----- Data block

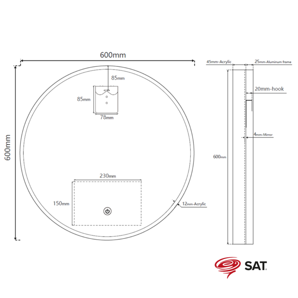 - Cadre transparent lumineux : un design moderne qui s’intègre parfaitement dans toutes les salles de bains contemporaines.
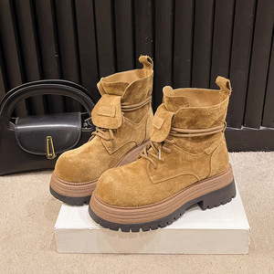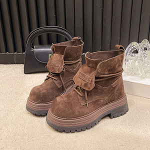 复古磨砂皮马丁靴女厚底2025新款百搭英伦风绑带增高工装靴短靴潮
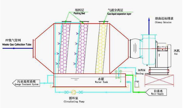 廢氣從塔底進入塔內,氣體從底部通過填料層,然后從塔頂?shù)某隹谂懦?。水從塔的頂部和中間均勻地通過液體分配器噴射到填料層,并沿著填料層的表面流下,直到塔的底部由泵送到塔的頂部和中間以便回收。水汽和剩余的廢氣進入脫水除霧階段,脫去液滴、霧氣。經過初始處理后的氣體從吸收塔的上端排氣管進入下一級處理階段或排出大氣。
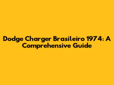 Dodge Charger Brasileiro 1974: A Comprehensive Guide

----------

**What you will do**
Every line above must appear in the answer unchanged, and no picture may appear in it.

**Solution**
 - Cadre transparent lumineux : un design moderne qui s’intègre parfaitement dans toutes les salles de bains contemporaines.
 复古磨砂皮马丁靴女厚底2025新款百搭英伦风绑带增高工装靴短靴潮
 廢氣從塔底進入塔內,氣體從底部通過填料層,然后從塔頂?shù)某隹谂懦?。水從塔的頂部和中間均勻地通過液體分配器噴射到填料層,并沿著填料層的表面流下,直到塔的底部由泵送到塔的頂部和中間以便回收。水汽和剩余的廢氣進入脫水除霧階段,脫去液滴、霧氣。經過初始處理后的氣體從吸收塔的上端排氣管進入下一級處理階段或排出大氣。
 Dodge Charger Brasileiro 1974: A Comprehensive Guide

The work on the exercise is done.